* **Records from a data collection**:
----

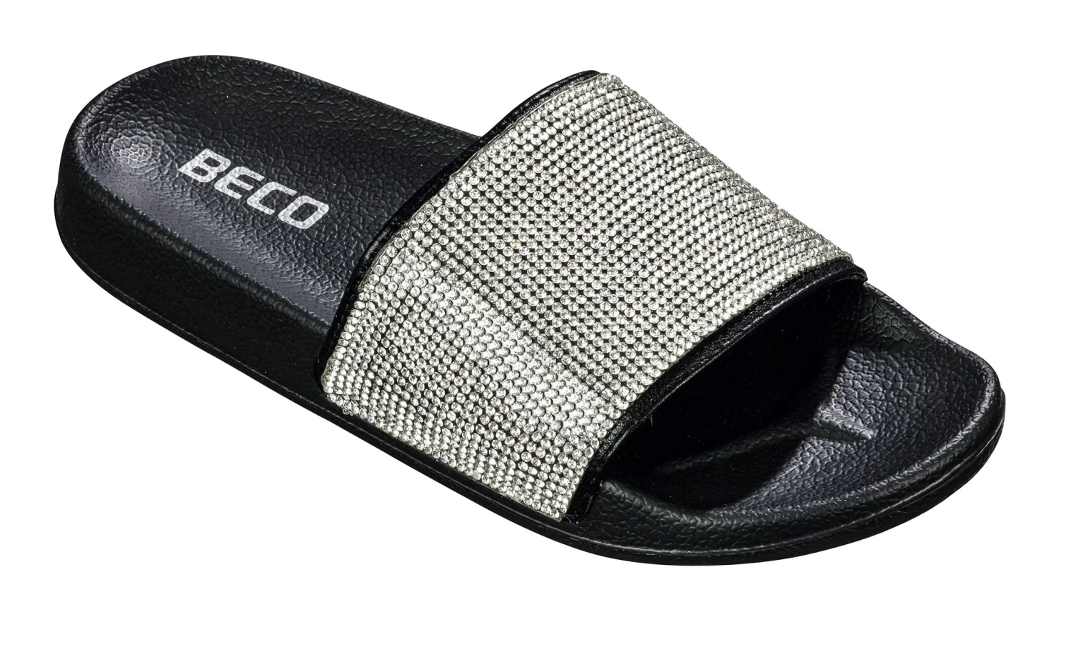 Tragen Sie ein bisschen Glamour am Fuß mit diesem Slipper mit Strassbandage. Das weiche Fußbett sorgt für den bequemen Tragekomfort.
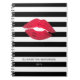 Stylish Red Lips with Classic Black White Stripes Notebook
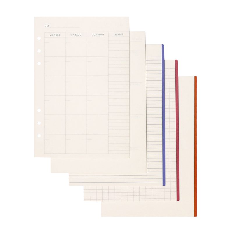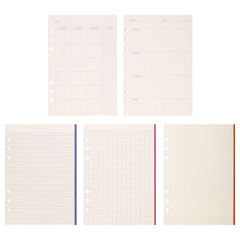 • Escritorio y PapeleríaOrganizadores para escritorioArchivadores y carpetasSet 75 Hojas Repuesto A5 para Archivador 14,5x0,1x21 cm
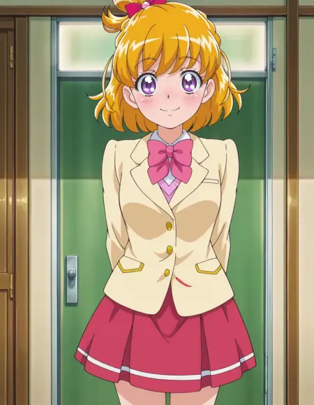 score_9, score_8_up, score_7_up, anime screencap, solo,1girl,asahinamirai, 紫の目, 金色の髪, ピンクのボウタイ, 学校制服, 黄色いブレザー, ピンクのスカート, lora:asahinamirai:0.8
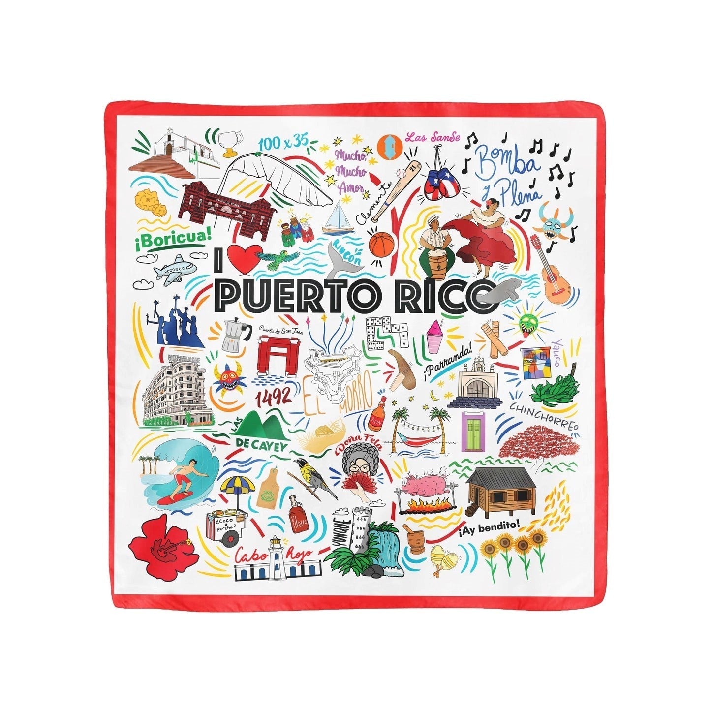 Puerto Rico icons come together into a gorgeous fashionable scarf made of soft silky fabric. Designed and made in Puerto Rico.
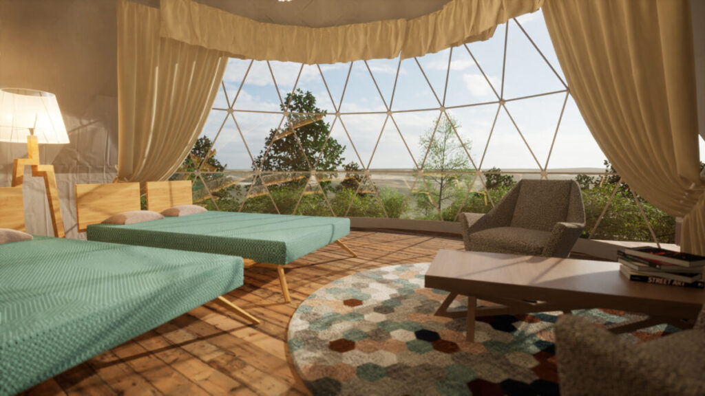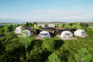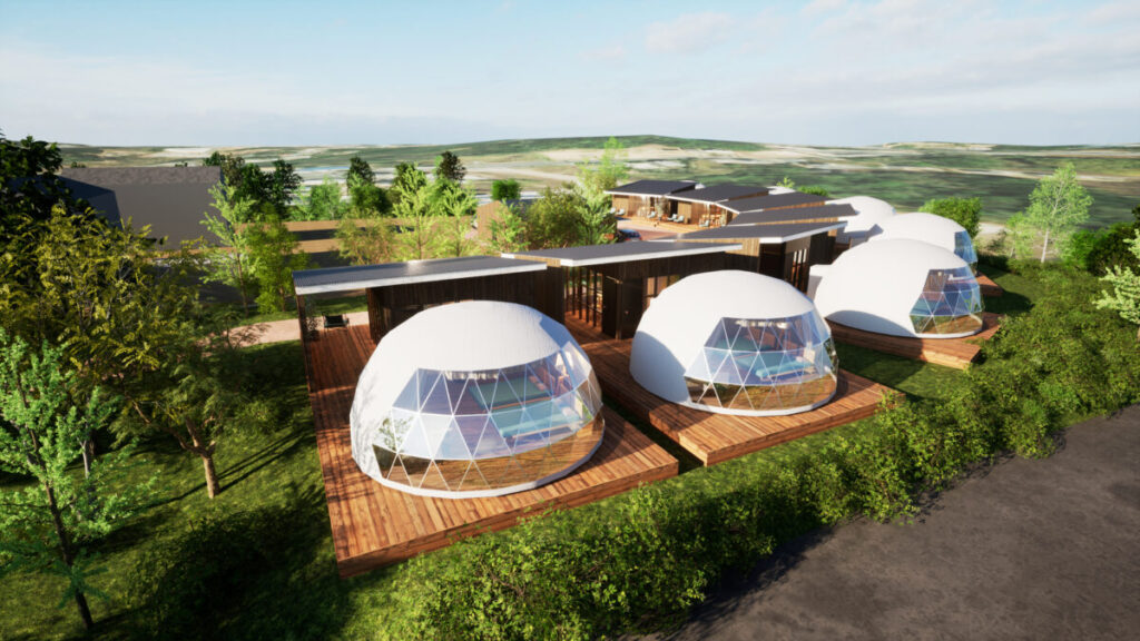 英虞湾(あごわん)の潮風香る全7棟のグランピング施設、シアタードーム付きテントも
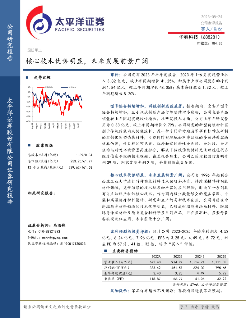 太平洋证券:华秦科技(688281)-核心技术优势明显,未来发展前景广阔.pdf

----

* **WHAT IS NEEDED**: What the records say must be written out exactly, with none of their pictures.

* **WRITTEN RESPONSE**:
 Tragen Sie ein bisschen Glamour am Fuß mit diesem Slipper mit Strassbandage. Das weiche Fußbett sorgt für den bequemen Tragekomfort.
 Stylish Red Lips with Classic Black White Stripes Notebook
 • Escritorio y PapeleríaOrganizadores para escritorioArchivadores y carpetasSet 75 Hojas Repuesto A5 para Archivador 14,5x0,1x21 cm
 score_9, score_8_up, score_7_up, anime screencap, solo,1girl,asahinamirai, 紫の目, 金色の髪, ピンクのボウタイ, 学校制服, 黄色いブレザー, ピンクのスカート, lora:asahinamirai:0.8
 Puerto Rico icons come together into a gorgeous fashionable scarf made of soft silky fabric. Designed and made in Puerto Rico.
 英虞湾(あごわん)の潮風香る全7棟のグランピング施設、シアタードーム付きテントも
 太平洋证券:华秦科技(688281)-核心技术优势明显,未来发展前景广阔.pdf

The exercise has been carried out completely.